§ **Exercise description**
Write out the listing exactly, dropping any picture it contains.

BEGIN Provided data

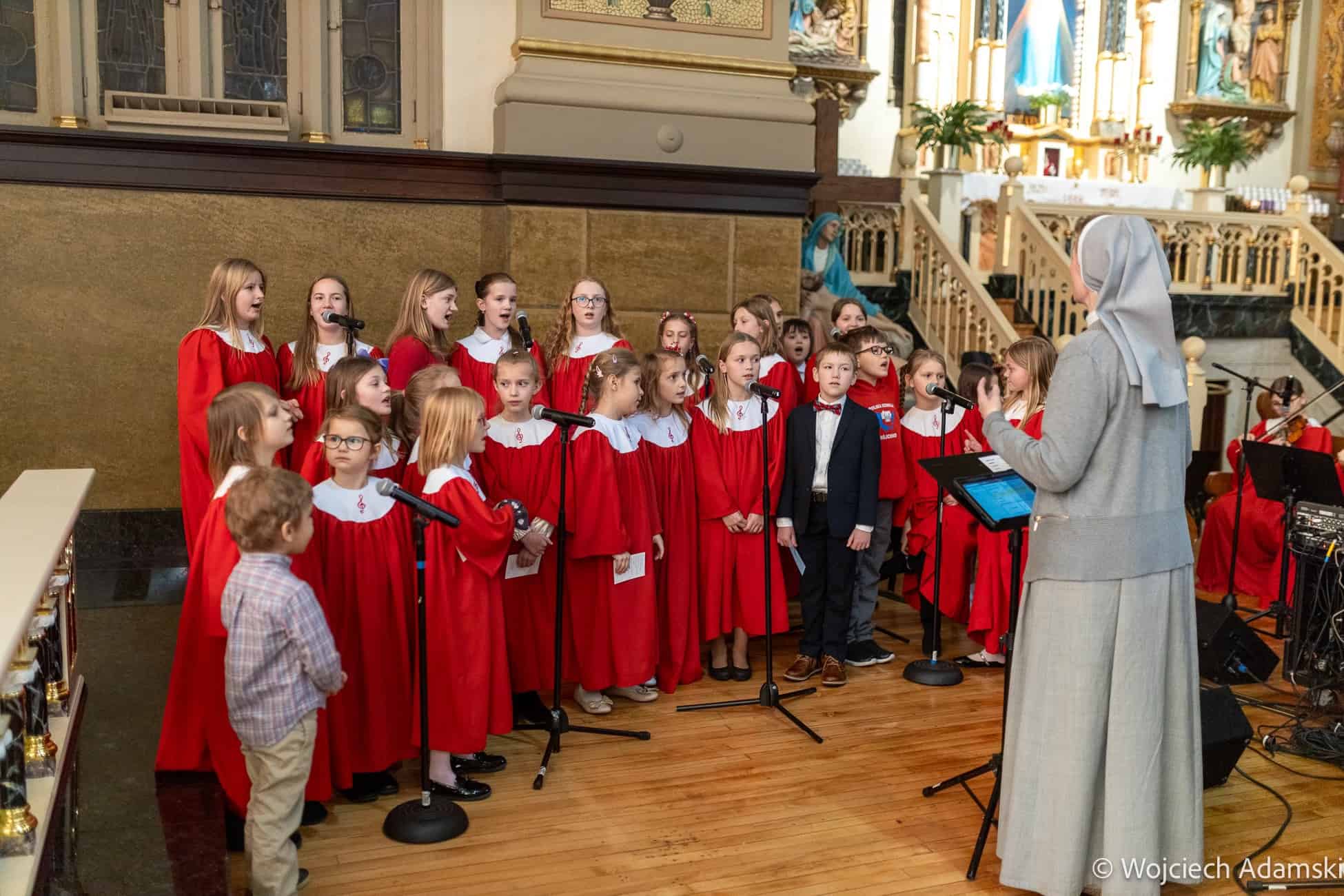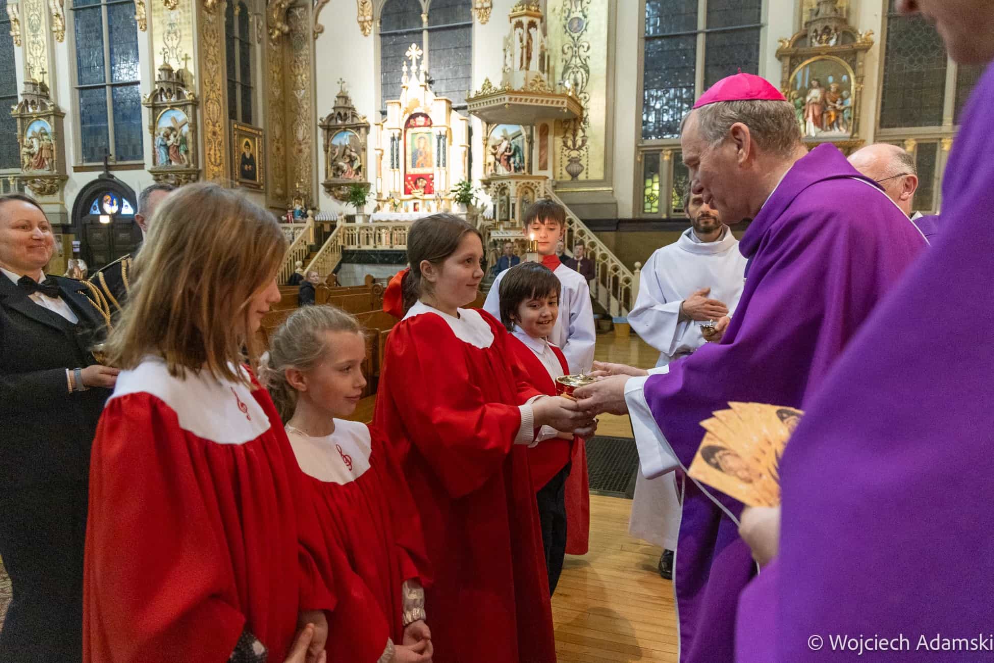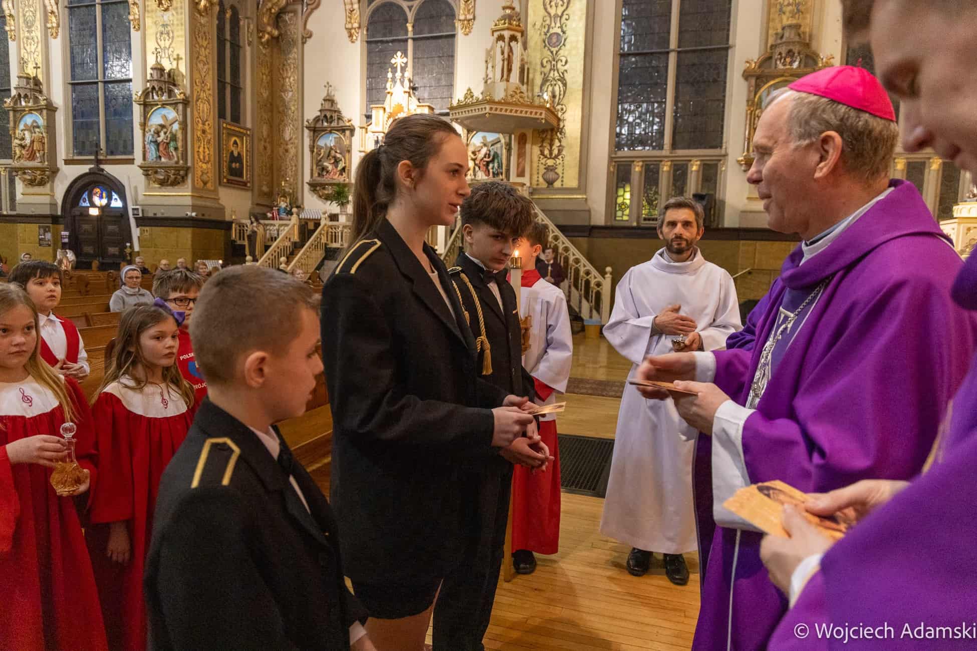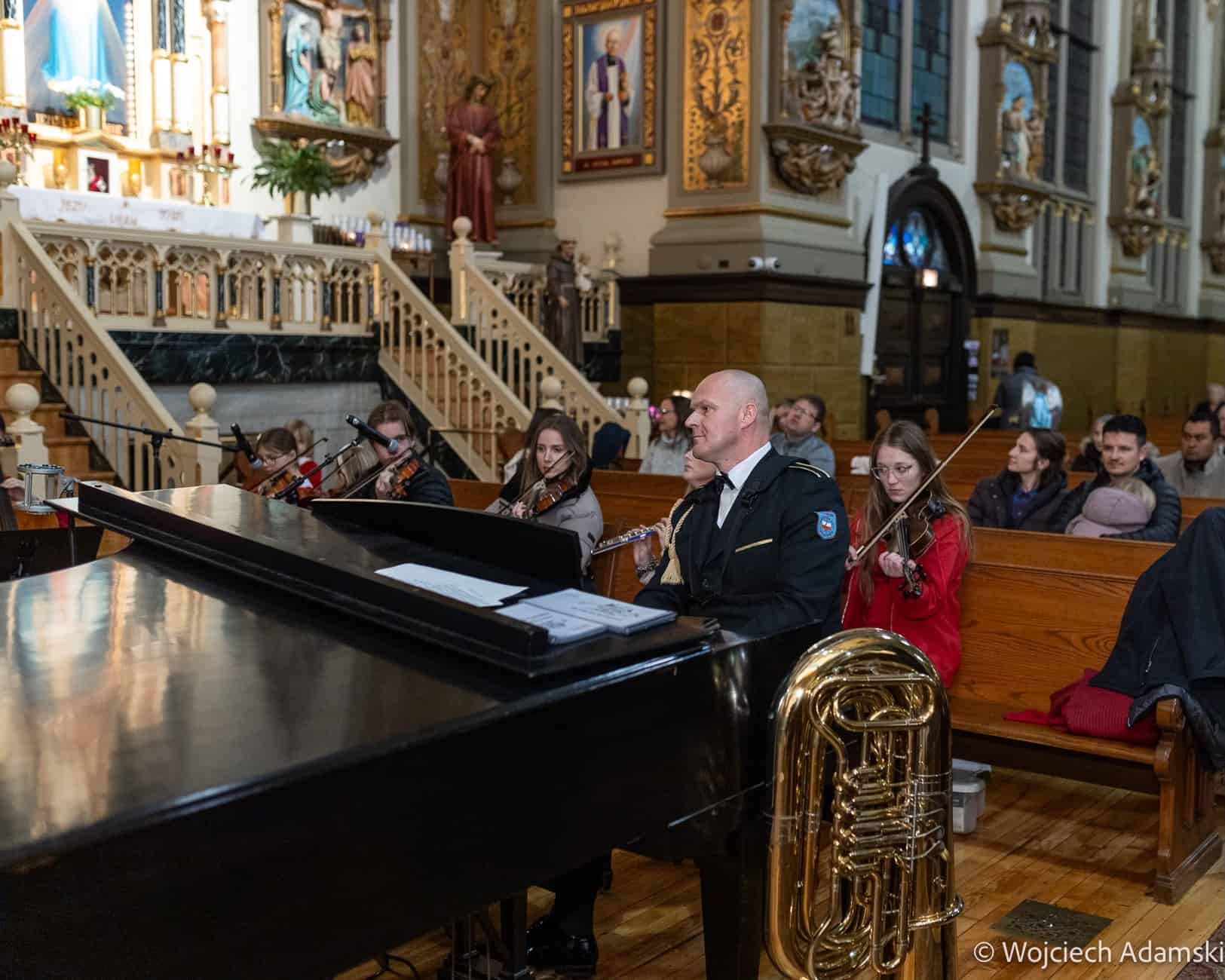 Wręczenie Medalu „Pro Polonia et Ecclesia” Orkiestrze Dętej „Trójcowo” i Scholi „Dzieci Pana Boga” przez Ks. Bp Piotra Turzyńskiego. Fot. Wojciech Adamski
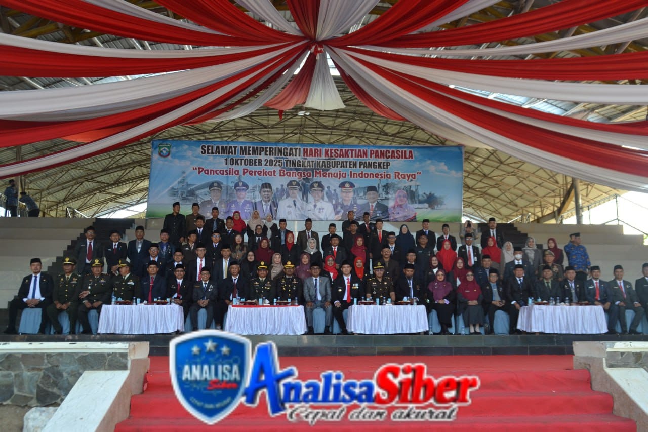 ANALISASIBER. COM. Pangkep – Dalam rangka memperingati Hari Kesaktian Pancasila Tahun 2025, Dandim 1421/Pangkep Letkol Inf Fajar bersama unsur Forkopimda Kabupaten Pangkep mengikuti upacara yang digelar di Lapangan Tribun Citra Mas Pangkep, Rabu (01/10/2025).
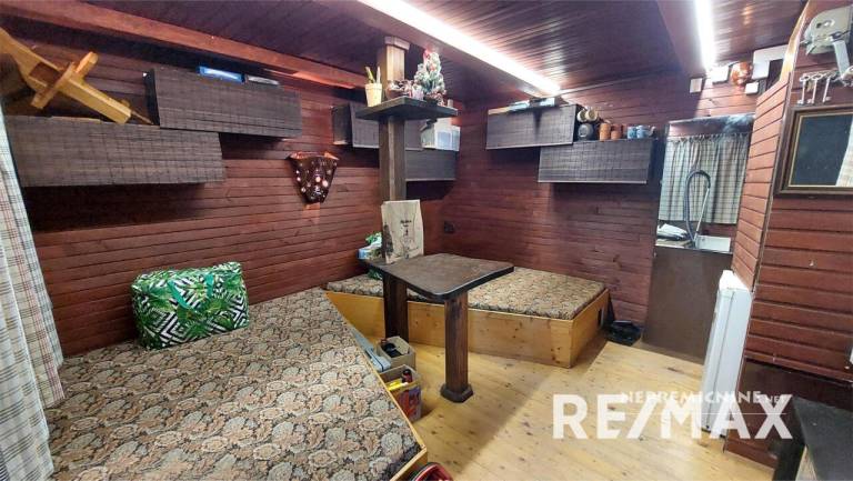 Vikend dopolnjuje terasa, namenjena sprostitvi ob jutranji kavi ali večernem razgledu. Notranjost je preprosto urejena – na voljo sta dve postelji in umivalnik, kar daje prostoru občutek osnovnega udobja. Ogrevanje je urejeno z električnimi radiatorji, dodatno pa udobje v prehodnih obdobjih zagotavlja tudi klimatska naprava. Objekt ima nameščen tudi alarmni sistem.
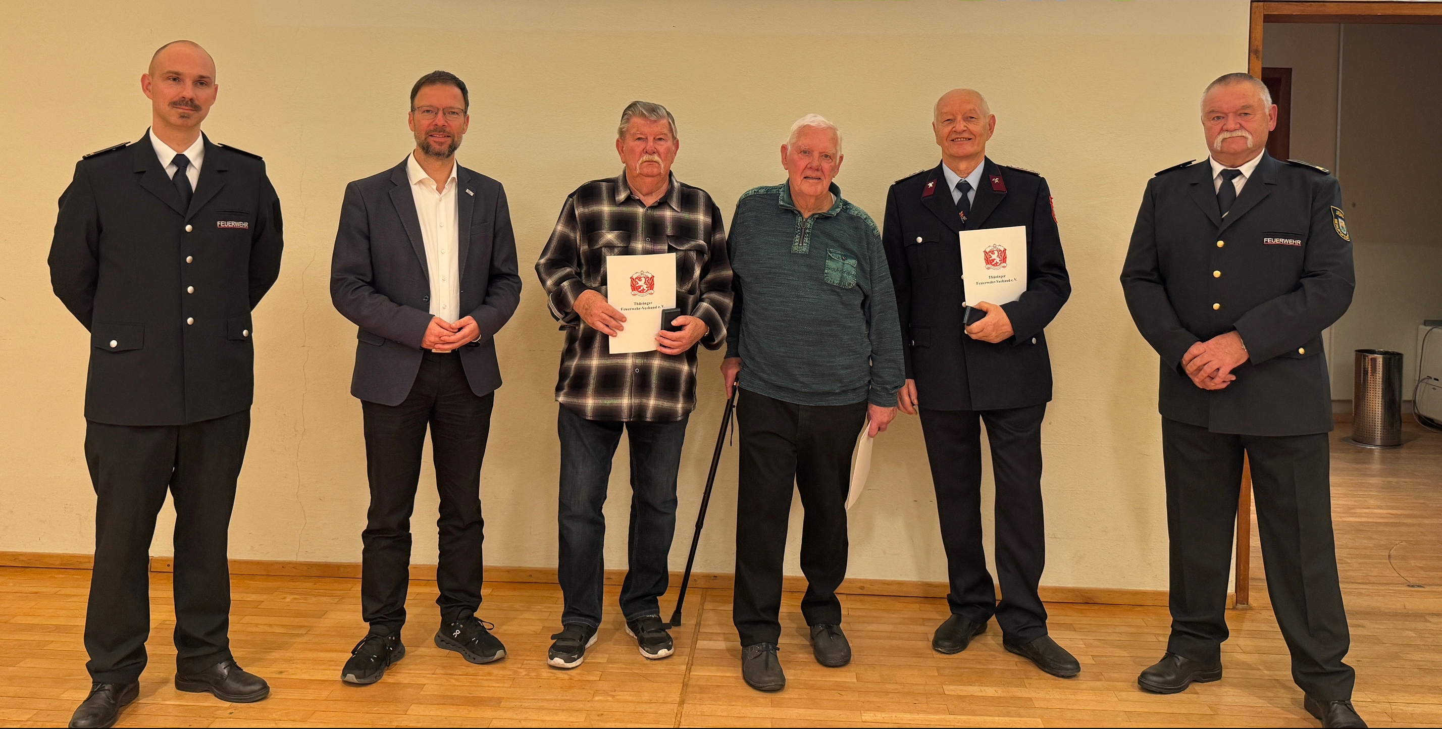 Der festliche Höhepunkt des Abends war die Auszeichnung langjähriger Kameraden durch den Freistaat Thüringen sowie den Thüringer Feuerwehrverband. Neben den Jubilaren für 10 und 25 Jahre aktiven Dienst wurden die Kameraden Hubert Franke, Ralf Grenzer, Matthias Steiniger und Mario Volkhardt für 40-jährige Mitgliedschaft ausgezeichnet. Für 50-jährige Mitgliedschaft wurden die Kameraden Lothar Ratz und Ulrich Schröder geehrt. Still wurde es im Saal, als Ralf Hertig die einleitenden Worte für den Kameraden Walter Schröter sprach, der nach über 60-jähriger Mitgliedschaft in der Freiwilligen Feuerwehr mit dem großen Brandschutzehrenzeichen in Gold ausgezeichnet wurde

END Provided data

§ **Output below**
 Wręczenie Medalu „Pro Polonia et Ecclesia” Orkiestrze Dętej „Trójcowo” i Scholi „Dzieci Pana Boga” przez Ks. Bp Piotra Turzyńskiego. Fot. Wojciech Adamski
 ANALISASIBER. COM. Pangkep – Dalam rangka memperingati Hari Kesaktian Pancasila Tahun 2025, Dandim 1421/Pangkep Letkol Inf Fajar bersama unsur Forkopimda Kabupaten Pangkep mengikuti upacara yang digelar di Lapangan Tribun Citra Mas Pangkep, Rabu (01/10/2025).
 Vikend dopolnjuje terasa, namenjena sprostitvi ob jutranji kavi ali večernem razgledu. Notranjost je preprosto urejena – na voljo sta dve postelji in umivalnik, kar daje prostoru občutek osnovnega udobja. Ogrevanje je urejeno z električnimi radiatorji, dodatno pa udobje v prehodnih obdobjih zagotavlja tudi klimatska naprava. Objekt ima nameščen tudi alarmni sistem.
 Der festliche Höhepunkt des Abends war die Auszeichnung langjähriger Kameraden durch den Freistaat Thüringen sowie den Thüringer Feuerwehrverband. Neben den Jubilaren für 10 und 25 Jahre aktiven Dienst wurden die Kameraden Hubert Franke, Ralf Grenzer, Matthias Steiniger und Mario Volkhardt für 40-jährige Mitgliedschaft ausgezeichnet. Für 50-jährige Mitgliedschaft wurden die Kameraden Lothar Ratz und Ulrich Schröder geehrt. Still wurde es im Saal, als Ralf Hertig die einleitenden Worte für den Kameraden Walter Schröter sprach, der nach über 60-jähriger Mitgliedschaft in der Freiwilligen Feuerwehr mit dem großen Brandschutzehrenzeichen in Gold ausgezeichnet wurde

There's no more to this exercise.